Work task. In the records that follow, find the line containing "ट्राफिक प्रहरीद्वारा २०" and the line containing "近日,我院教师李义猛的最新研究成果《Dynamic pricing strategies: Uniform", then transcribe both and every line between them exactly, omitting pictures.

Stored entries.
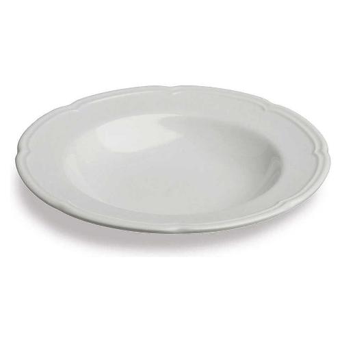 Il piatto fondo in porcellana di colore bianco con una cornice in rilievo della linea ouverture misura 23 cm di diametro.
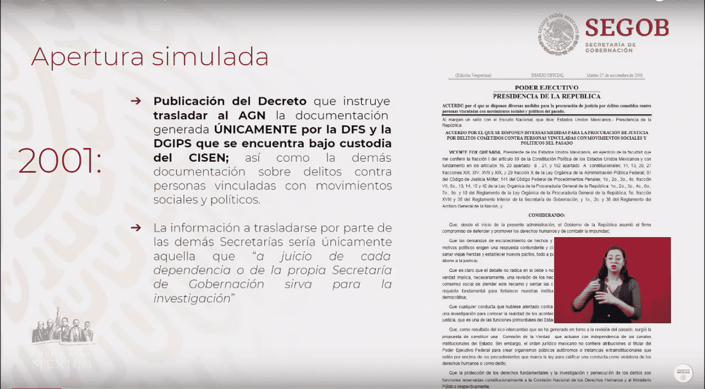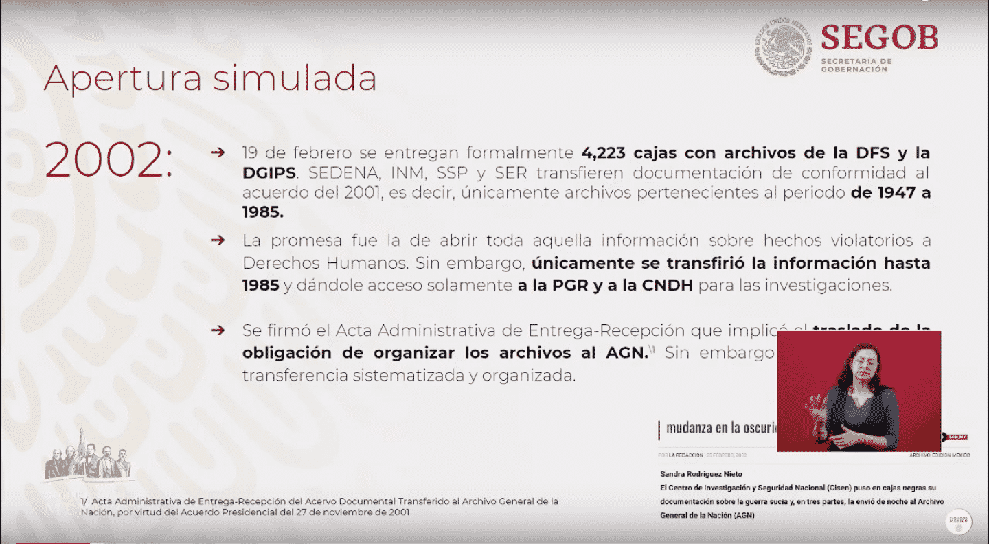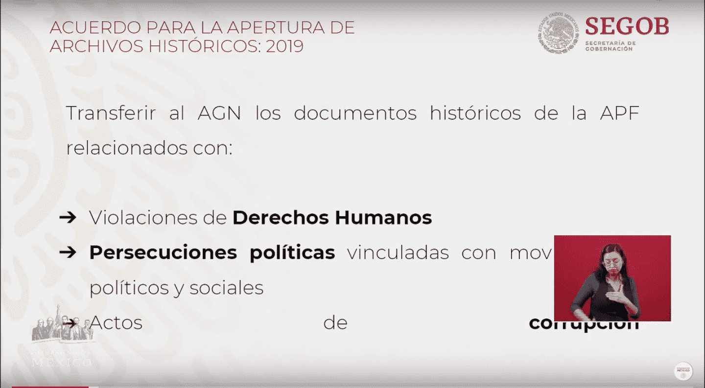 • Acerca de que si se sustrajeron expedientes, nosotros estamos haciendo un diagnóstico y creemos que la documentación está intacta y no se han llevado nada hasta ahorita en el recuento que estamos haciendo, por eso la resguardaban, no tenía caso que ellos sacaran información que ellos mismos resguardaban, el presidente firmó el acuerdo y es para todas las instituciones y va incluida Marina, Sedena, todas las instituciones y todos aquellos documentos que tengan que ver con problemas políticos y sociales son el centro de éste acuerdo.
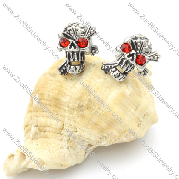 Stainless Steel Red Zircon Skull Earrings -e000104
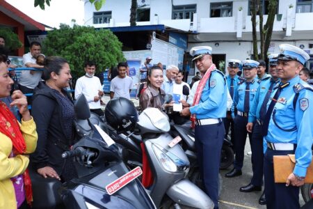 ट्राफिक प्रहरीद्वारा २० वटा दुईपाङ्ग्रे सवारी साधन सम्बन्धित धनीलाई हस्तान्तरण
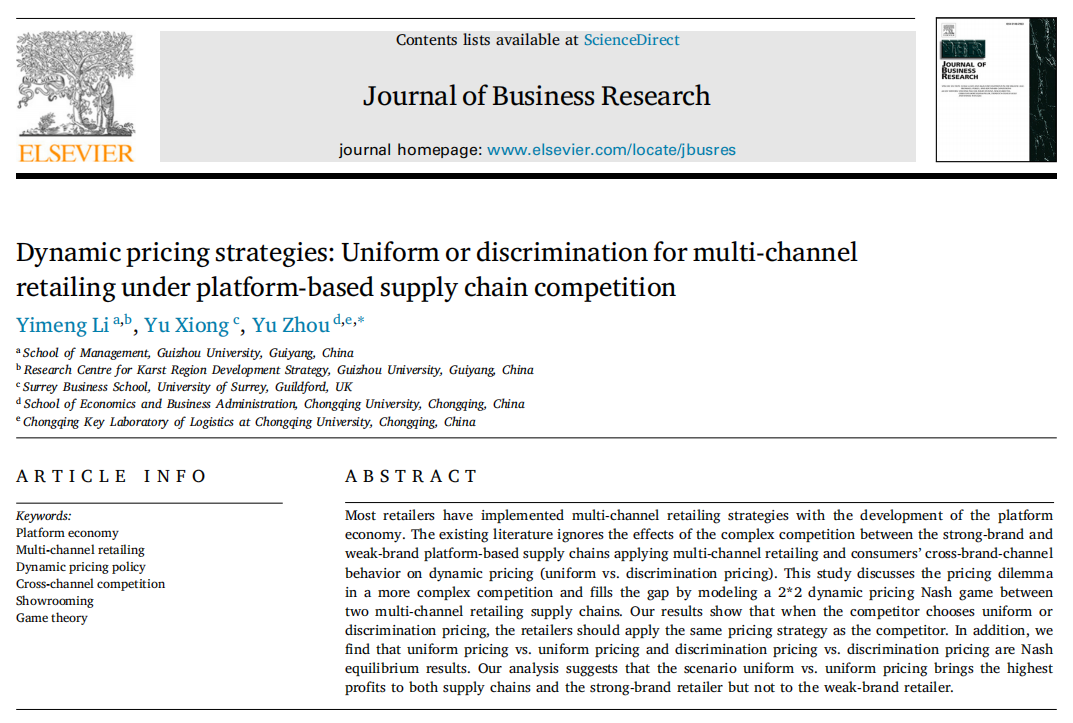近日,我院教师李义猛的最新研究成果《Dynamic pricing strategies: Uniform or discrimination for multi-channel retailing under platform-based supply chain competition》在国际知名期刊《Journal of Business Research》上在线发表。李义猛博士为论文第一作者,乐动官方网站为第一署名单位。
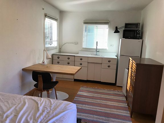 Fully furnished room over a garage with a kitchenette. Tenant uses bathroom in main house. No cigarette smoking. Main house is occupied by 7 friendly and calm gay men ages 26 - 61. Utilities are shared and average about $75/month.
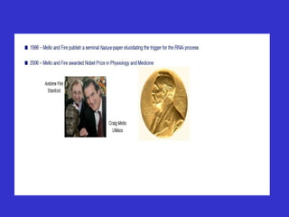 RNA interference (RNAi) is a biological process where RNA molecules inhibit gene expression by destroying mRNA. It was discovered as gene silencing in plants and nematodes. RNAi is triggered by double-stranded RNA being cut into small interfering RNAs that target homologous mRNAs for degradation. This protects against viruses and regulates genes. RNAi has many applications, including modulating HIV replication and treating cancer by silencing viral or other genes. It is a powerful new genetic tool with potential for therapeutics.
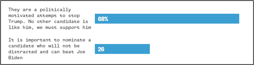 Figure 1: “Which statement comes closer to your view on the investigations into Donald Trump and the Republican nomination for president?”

Task solution.
 ट्राफिक प्रहरीद्वारा २० वटा दुईपाङ्ग्रे सवारी साधन सम्बन्धित धनीलाई हस्तान्तरण
近日,我院教师李义猛的最新研究成果《Dynamic pricing strategies: Uniform or discrimination for multi-channel retailing under platform-based supply chain competition》在国际知名期刊《Journal of Business Research》上在线发表。李义猛博士为论文第一作者,乐动官方网站为第一署名单位。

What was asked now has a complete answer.